Directions for this task:
With the pictures omitted, write out all of the listing exactly.
════════════════
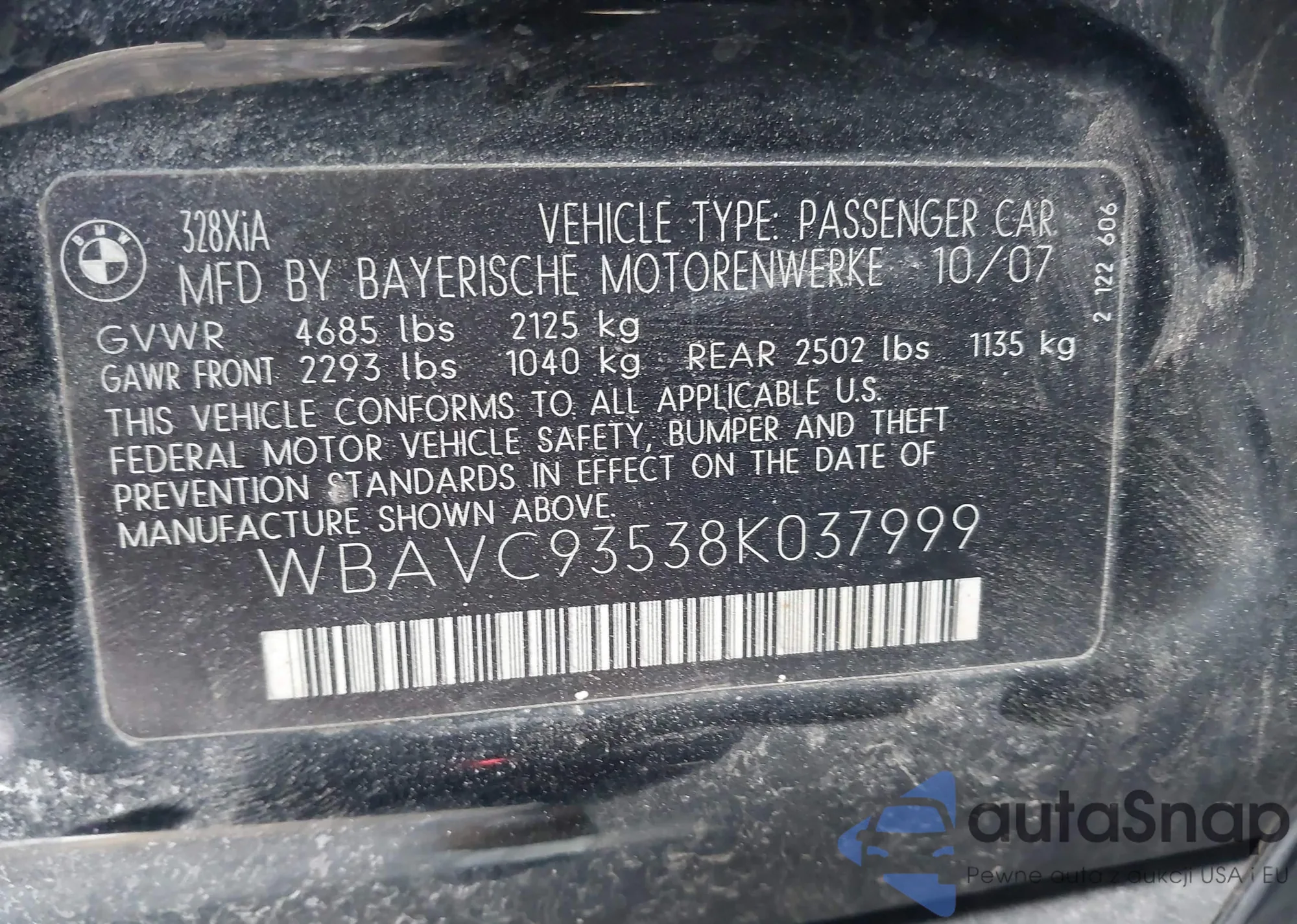VIN: WBAVC93538K037999
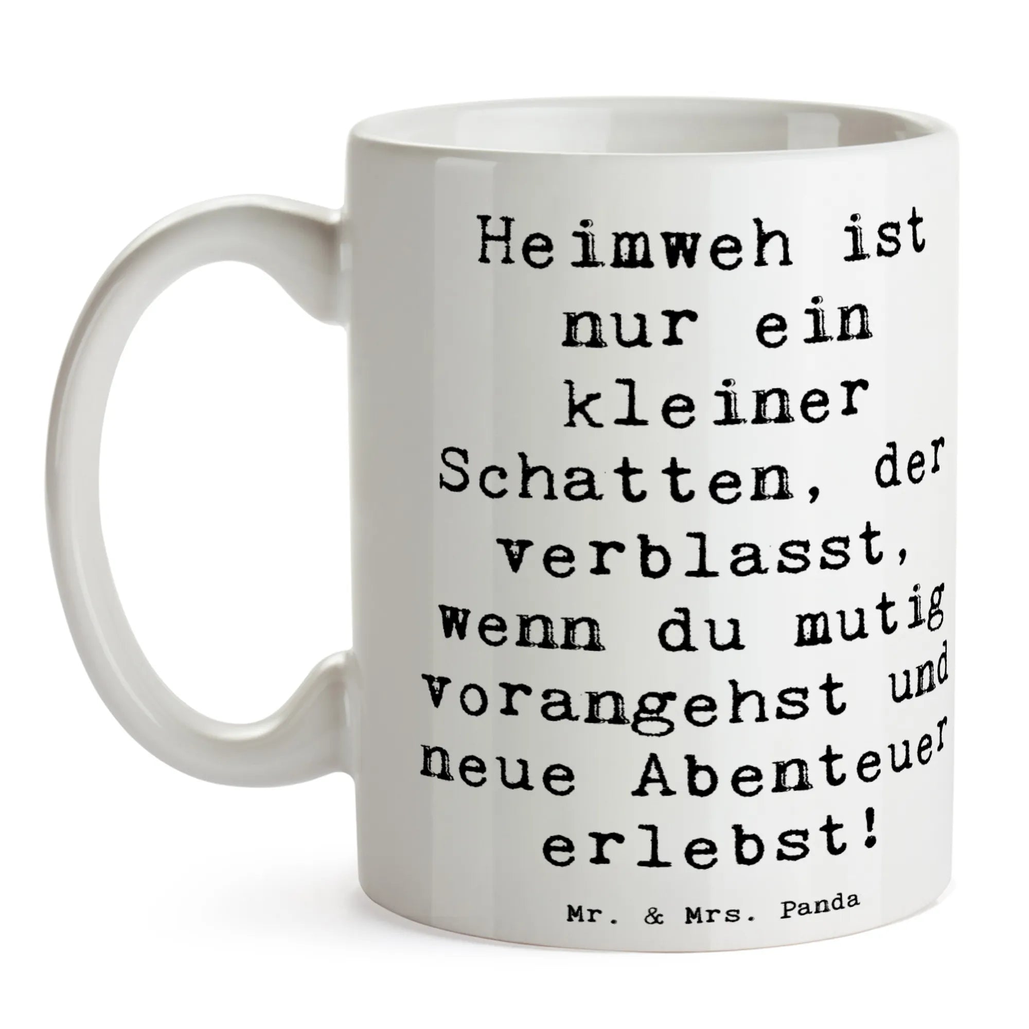 Die hochwertige Keramiktasse besticht durch ihren brillanten Druck und die besonders glänzende Oberfläche. Der herzerwärmende Spruch 'Heimweh ist nur ein kleiner Schatten, der verblasst, wenn du mutig vorangehst und neue Abenteuer erlebst!' erinnert dich bei jedem Schluck daran, wie tapfer du eigentlich bist. Egal ob als Kaffeetasse im Büro oder als gemütlicher Teebecher am Abend – dieser Henkelpott ist dein persönlicher Anker. ☕💖
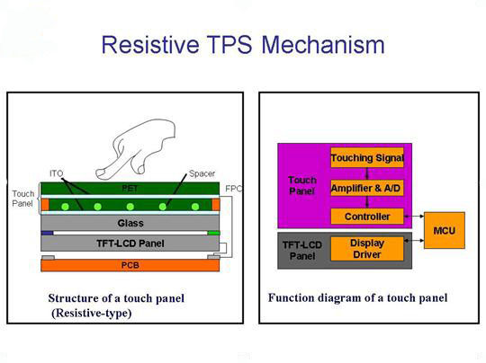 電阻式觸控面板是最常見的一種觸控面板,是由二片具備導(dǎo)電能力的透明ITO薄膜以及ITO玻璃貼合而成,其導(dǎo)電面相對,中間以多個整齊排列的透明間隔點將其隔開。當使用者以手指或觸控筆進行操作時,上下導(dǎo)電薄膜因為受到壓力,上方薄膜受到壓力時,即和下方ITO玻璃接觸,導(dǎo)電產(chǎn)生一分壓電流,并經(jīng)由控制器測知面板電壓變化而計算出接觸點位置以進行輸入。
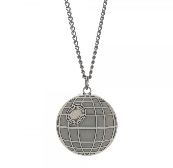 This is a licensed enamel grey metal necklace in the image of The Emperor’s Death Star as seen in the classic Star Wars movies. It has a raised image and measures 1.375″ across with an 18″ chain. It is in mint, unworn condition, in a sealed package and stored in a smoke and pet free environment.
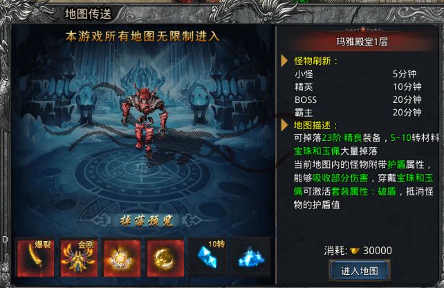 咱们《自由之刃》游戏最大一个特点就是,所有地图的进入都没有限制,各种各样的打宝地图任意进出。 但除了普通的刷怪地图,自由之刃里有一些特殊地图存在,这些地图没有普通地图复杂广阔,空间上更加直观,这会让玩家更直观地找到十倍百倍的怪物,更容易爆出好装备。那么究竟有哪几类特殊地图呢?接下来就让满小编来带大家来盘点一下吧。 玛雅殿堂 玛雅殿堂地图里的怪会带有护盾值,所以需要玩家提高宝珠及玉佩的等级,从而削减
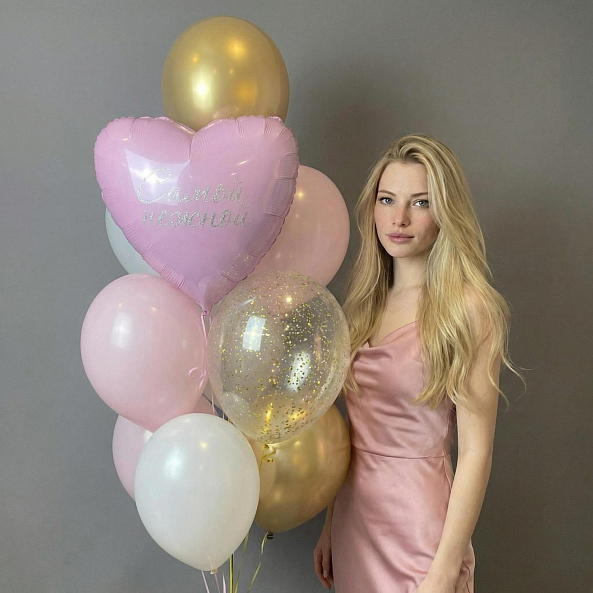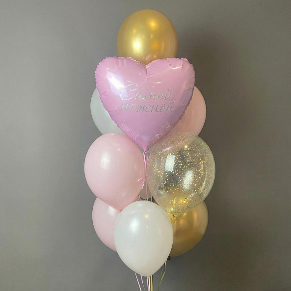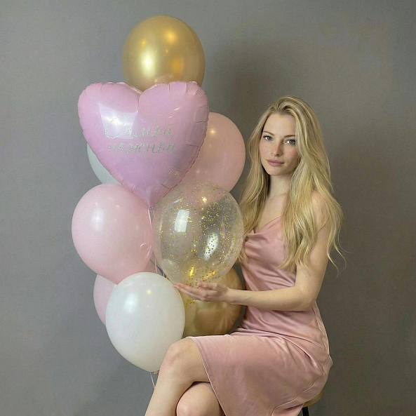 Этот изысканный набор — не просто декор, а искреннее послание, которое передаст ваши чувства без слов. Центральный элемент — розовое сердце с надписью «Самой нежной», написанной серебряным почерком, словно застывшая нота любви. В комплекте — шары в пастельных оттенках розового, белого и золотого, а также объемные прозрачные шары с мерцающими блестками, создающие атмосферу праздника и уюта.
════════════════
Task result:
VIN: WBAVC93538K037999
 Die hochwertige Keramiktasse besticht durch ihren brillanten Druck und die besonders glänzende Oberfläche. Der herzerwärmende Spruch 'Heimweh ist nur ein kleiner Schatten, der verblasst, wenn du mutig vorangehst und neue Abenteuer erlebst!' erinnert dich bei jedem Schluck daran, wie tapfer du eigentlich bist. Egal ob als Kaffeetasse im Büro oder als gemütlicher Teebecher am Abend – dieser Henkelpott ist dein persönlicher Anker. ☕💖
 電阻式觸控面板是最常見的一種觸控面板,是由二片具備導(dǎo)電能力的透明ITO薄膜以及ITO玻璃貼合而成,其導(dǎo)電面相對,中間以多個整齊排列的透明間隔點將其隔開。當使用者以手指或觸控筆進行操作時,上下導(dǎo)電薄膜因為受到壓力,上方薄膜受到壓力時,即和下方ITO玻璃接觸,導(dǎo)電產(chǎn)生一分壓電流,并經(jīng)由控制器測知面板電壓變化而計算出接觸點位置以進行輸入。
 This is a licensed enamel grey metal necklace in the image of The Emperor’s Death Star as seen in the classic Star Wars movies. It has a raised image and measures 1.375″ across with an 18″ chain. It is in mint, unworn condition, in a sealed package and stored in a smoke and pet free environment.
 咱们《自由之刃》游戏最大一个特点就是,所有地图的进入都没有限制,各种各样的打宝地图任意进出。 但除了普通的刷怪地图,自由之刃里有一些特殊地图存在,这些地图没有普通地图复杂广阔,空间上更加直观,这会让玩家更直观地找到十倍百倍的怪物,更容易爆出好装备。那么究竟有哪几类特殊地图呢?接下来就让满小编来带大家来盘点一下吧。 玛雅殿堂 玛雅殿堂地图里的怪会带有护盾值,所以需要玩家提高宝珠及玉佩的等级,从而削减
 Этот изысканный набор — не просто декор, а искреннее послание, которое передаст ваши чувства без слов. Центральный элемент — розовое сердце с надписью «Самой нежной», написанной серебряным почерком, словно застывшая нота любви. В комплекте — шары в пастельных оттенках розового, белого и золотого, а также объемные прозрачные шары с мерцающими блестками, создающие атмосферу праздника и уюта.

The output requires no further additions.